- WORK ITEM -
For the data below, retype word for word the lines from the one containing "Die einstellbare Anzeige" through the one containing "こちらはIbanezブースに"; drop the pictures.

- EXTRACTED INFORMATION -
== Segment start ==
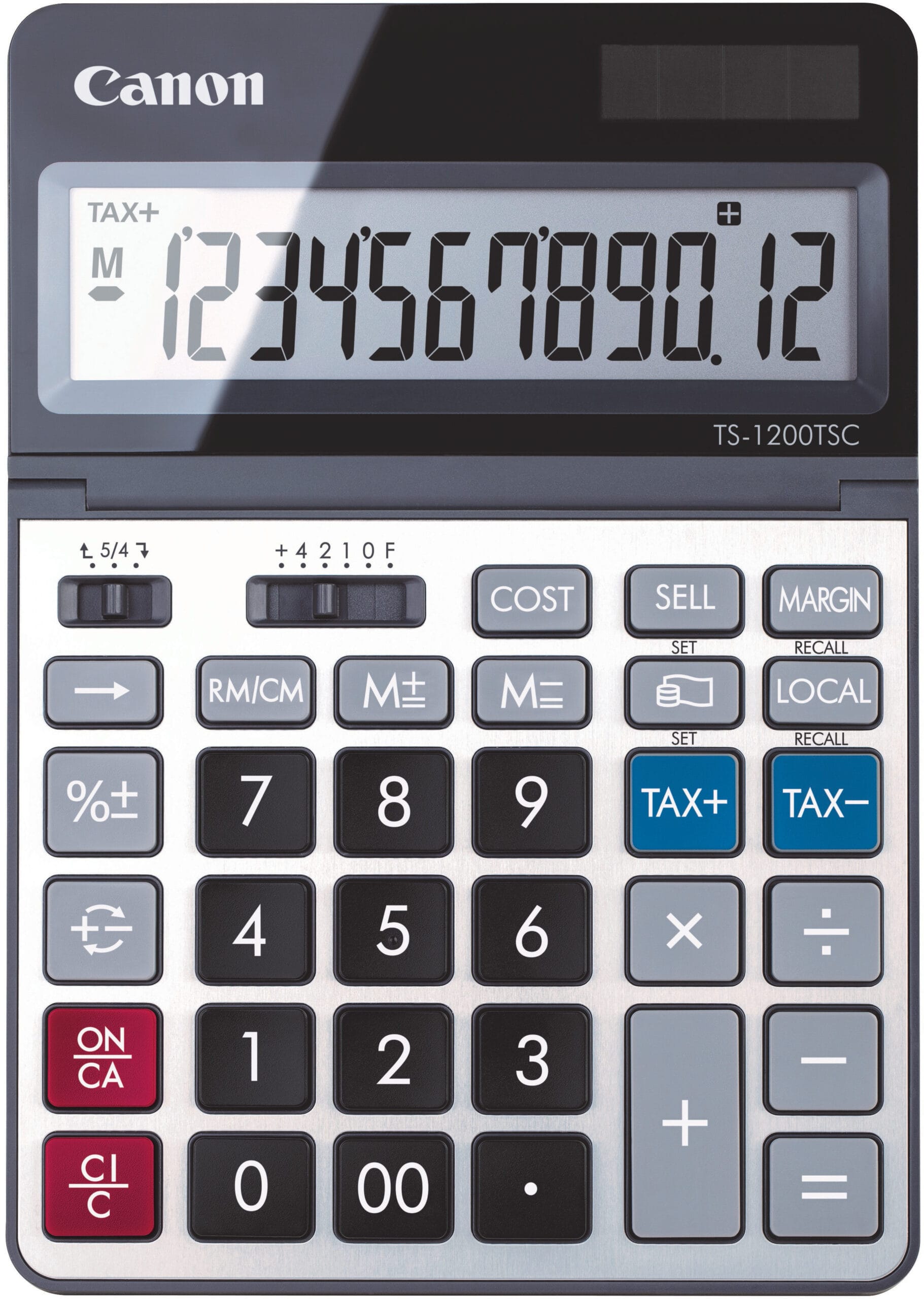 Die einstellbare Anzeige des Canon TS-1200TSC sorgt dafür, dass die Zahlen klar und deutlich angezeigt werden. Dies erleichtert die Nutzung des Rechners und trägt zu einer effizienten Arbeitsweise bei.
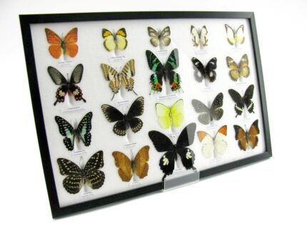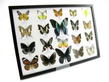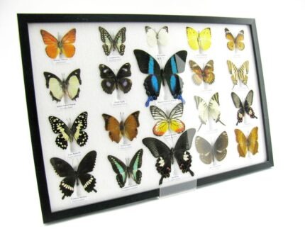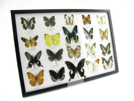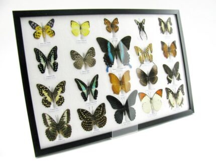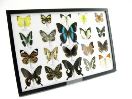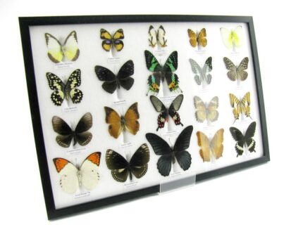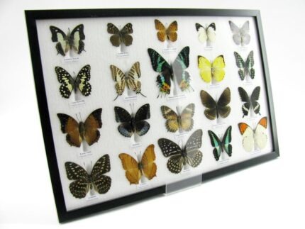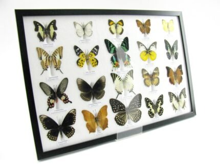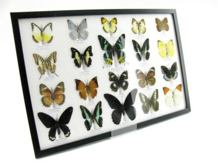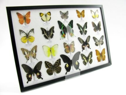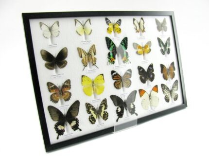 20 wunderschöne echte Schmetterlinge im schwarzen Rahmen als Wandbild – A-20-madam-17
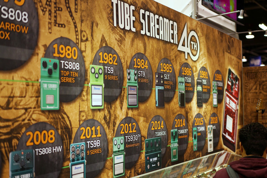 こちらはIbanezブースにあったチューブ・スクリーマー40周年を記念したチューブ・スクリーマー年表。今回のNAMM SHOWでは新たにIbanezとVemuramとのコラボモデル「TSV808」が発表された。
== Segment end ==
== Segment start ==
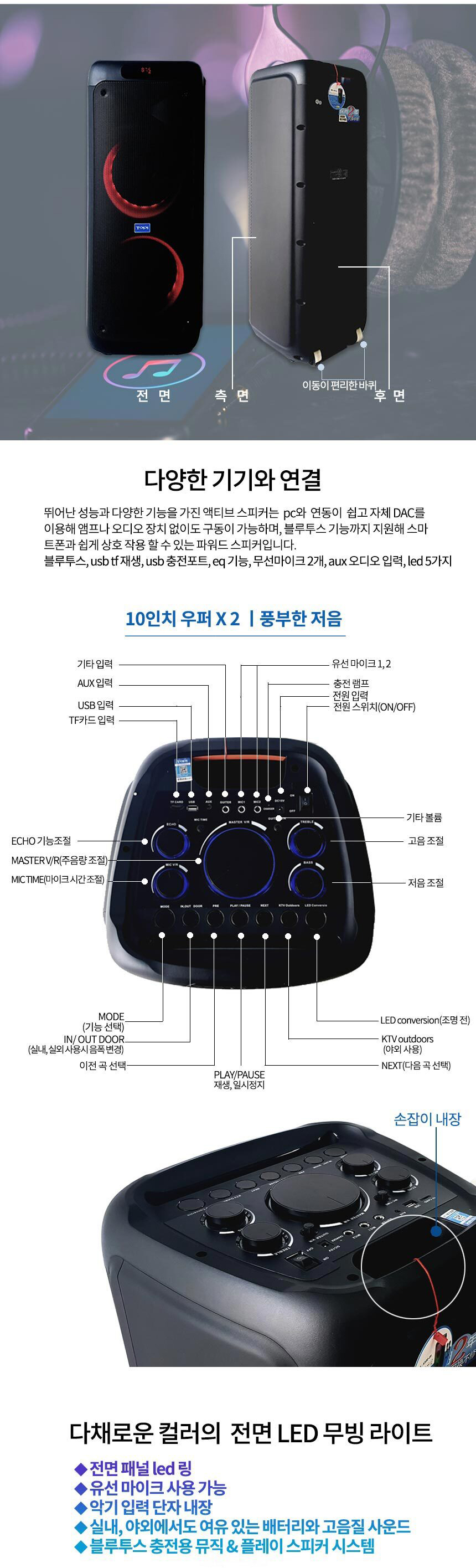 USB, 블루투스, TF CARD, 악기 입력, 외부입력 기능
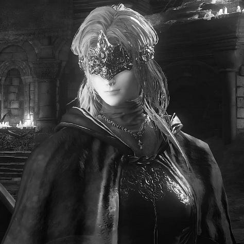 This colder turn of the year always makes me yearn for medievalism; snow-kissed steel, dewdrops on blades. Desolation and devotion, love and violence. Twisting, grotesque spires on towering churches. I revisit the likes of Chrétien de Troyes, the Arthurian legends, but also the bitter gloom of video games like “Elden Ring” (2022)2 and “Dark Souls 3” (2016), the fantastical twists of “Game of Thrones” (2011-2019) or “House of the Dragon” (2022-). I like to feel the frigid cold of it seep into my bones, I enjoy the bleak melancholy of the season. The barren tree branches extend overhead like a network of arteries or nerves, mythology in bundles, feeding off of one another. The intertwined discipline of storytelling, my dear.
== Segment end ==
== Segment start ==
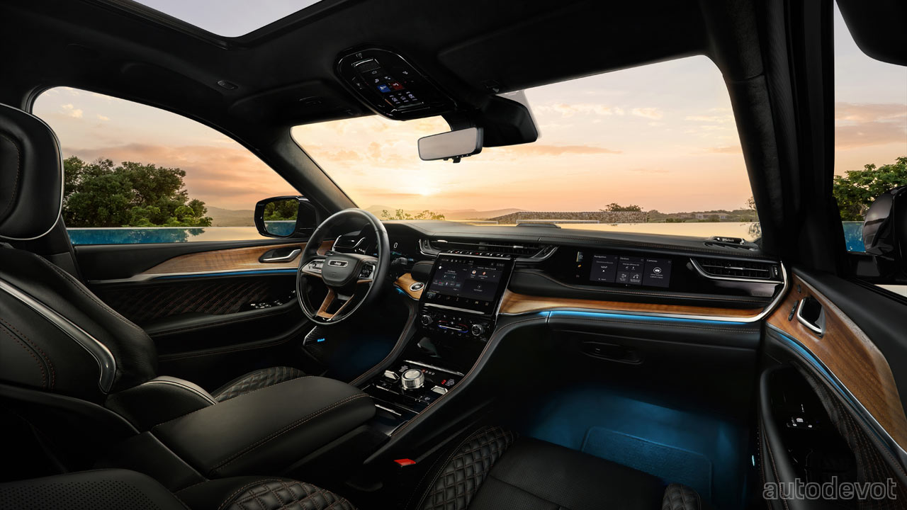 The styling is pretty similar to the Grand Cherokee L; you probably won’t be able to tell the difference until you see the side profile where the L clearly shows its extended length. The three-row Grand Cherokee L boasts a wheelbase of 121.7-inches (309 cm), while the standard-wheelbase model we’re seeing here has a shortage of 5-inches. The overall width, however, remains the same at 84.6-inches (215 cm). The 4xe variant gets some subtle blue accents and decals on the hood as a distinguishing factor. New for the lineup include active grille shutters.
== Segment end ==
- FINAL ANSWER -
 Die einstellbare Anzeige des Canon TS-1200TSC sorgt dafür, dass die Zahlen klar und deutlich angezeigt werden. Dies erleichtert die Nutzung des Rechners und trägt zu einer effizienten Arbeitsweise bei.
 20 wunderschöne echte Schmetterlinge im schwarzen Rahmen als Wandbild – A-20-madam-17
 こちらはIbanezブースにあったチューブ・スクリーマー40周年を記念したチューブ・スクリーマー年表。今回のNAMM SHOWでは新たにIbanezとVemuramとのコラボモデル「TSV808」が発表された。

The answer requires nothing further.